Deep, deep down within the deep, deep South, I find myself wading through the leavings of one year, preparing to encounter a newly-birthed year.

I am tempted to make New Year’s resolutions but I tend to come up with safe ones that in no way challenge me. For instance, I resolve to inhale and exhale repeatedly throughout the year. Or, I plan to floss no more than once a day. And there’s always that one resolution that I make and break within minutes—-lose ten pounds and work out.

Resolution-making being a farce, I resolve not to make any. Instead, I wish to continue the practice of exploring the world through furtive glance and direct gaze.

Here are some things that astound and entertain me:

My quest to find the proper fastener for a piece of split wood takes me to the hardware store, a haven of emotion-deprived semi-conscious barely-mobile texting clerks who don’t know much about hardware but know a lot about googling. I finally locate one of those rare birds—-an old-timer who actually leads me down obscure aisles to search in real non-virtual time for just the right implement.

In this copious den of visionaries both real and imagined, I await my tiny fate.

Everywhere I go today, I find the Leaf Blower Syndrome hard at work. Leaf Blower workers are in the business of transferring trash and particulates to Somewhere Besides Here. Leaf Blower wannabes practice the fine art of referring me to Someone Else or Somewhere Else, secure in the notion that they have earned their income and done their job.

I get it. Lots of folks just transfer and delegate challenges to That Place Over Yonder.

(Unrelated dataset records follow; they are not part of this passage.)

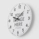 Foto de gran ronda de Personalizado de Wall Clocks personalizados. Presenta tu propia foto y texto en este reloj. Los números permanecen en su imagen. Perfecto para decorar su casa, cocina u oficina. Para obtener los mejores resultados, utilice una imagen cuadrada.
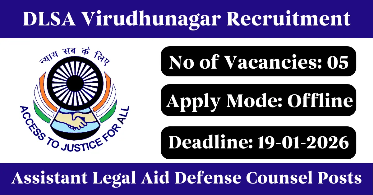 DLSA Virudhunagar Recruitment 2025: Apply for 5 Assistant Legal Aid Defense Counsel vacancies. District Legal Services Authority Virudhunagar invited applications from eligible and interested candidates to fill up Assistant Legal Aid Defense Counsel Posts through DLSA Virudhunagar official notification December 2025. Job seekers who are looking for a career in Virudhunagar – Tamil Nadu Government can make use of this opportunity. Interested candidates can Apply Offline on or before 19-Jan-2026
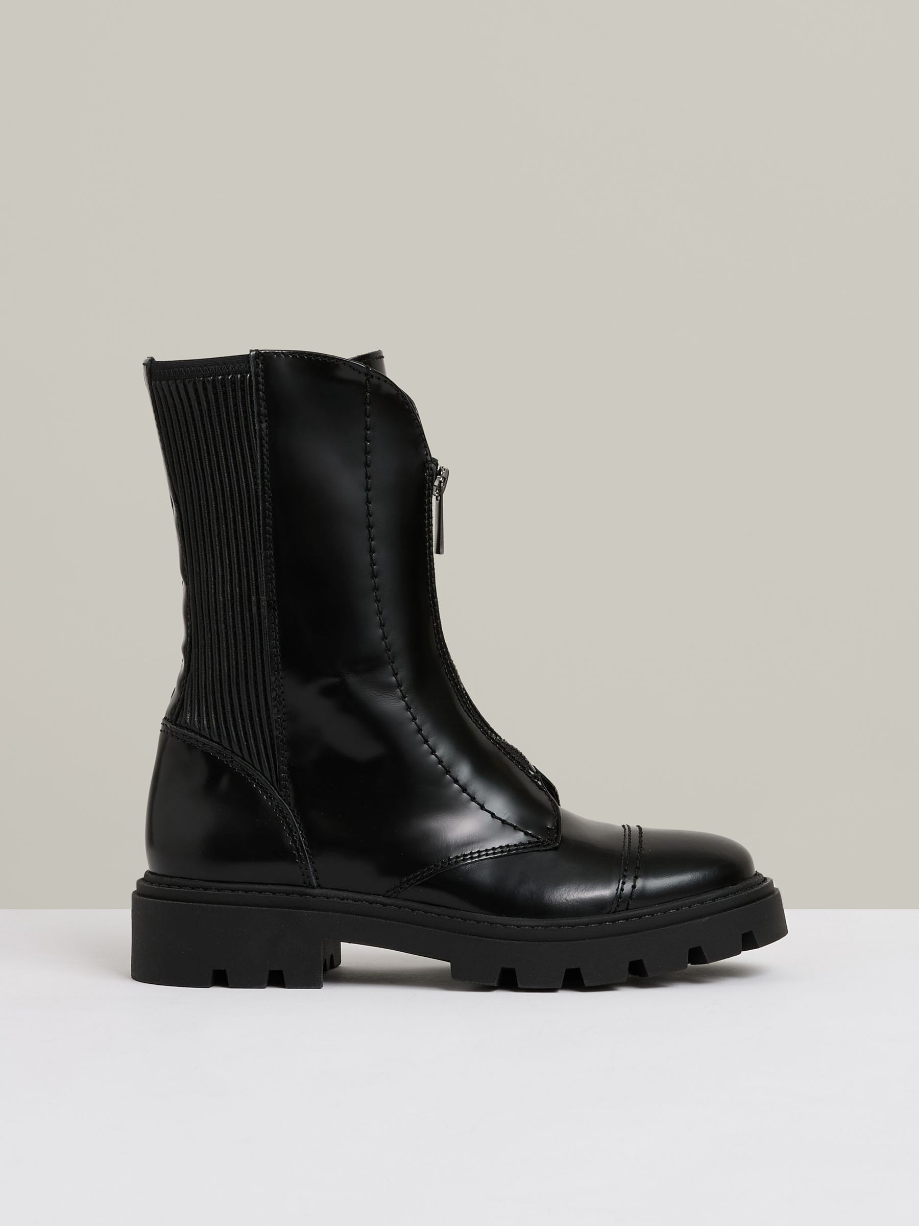 Leather Zip-Front Ankle Boots in Black

Another New Year’s vision:

I am amused at the fact that I am often polite to robots. I say Thank You to a drive-through ordering device. I say No Thanks to a robocall request. I begin confessing sidebar information to an automated questionnaire that only wants a Yes or a No—-and tells me so. My computer requires passwords that I do not wish to provide, but I must obey in order to get anything at all done today. If I follow procedure and instruction the robotic internet will grant me permission to ply my life, live my day.

In the midst of all this mindless soulless automation, I cherish the real human contacts that occur outside the electronic cyborg world. The tiny moments of revelation or joy.

On the way to the drop-off laundry, I tune in to a jazz radio station. It Ellingtons its way through the car as I pull into the parking lot. The jolly laundry lady opens the passenger door to retrieve my cleanables and laughs quite lustily when she hears the music. She says, “Oh, Jim, you be jammin’!” As I drive away, she smiles and says, “You keep jammin’!”

This makes my morning. This is amusing, warming, symbolic, humane. This makes me smile. This erases all memory of abstract encounters with gadgets and distracted automatons and flaccid clerks.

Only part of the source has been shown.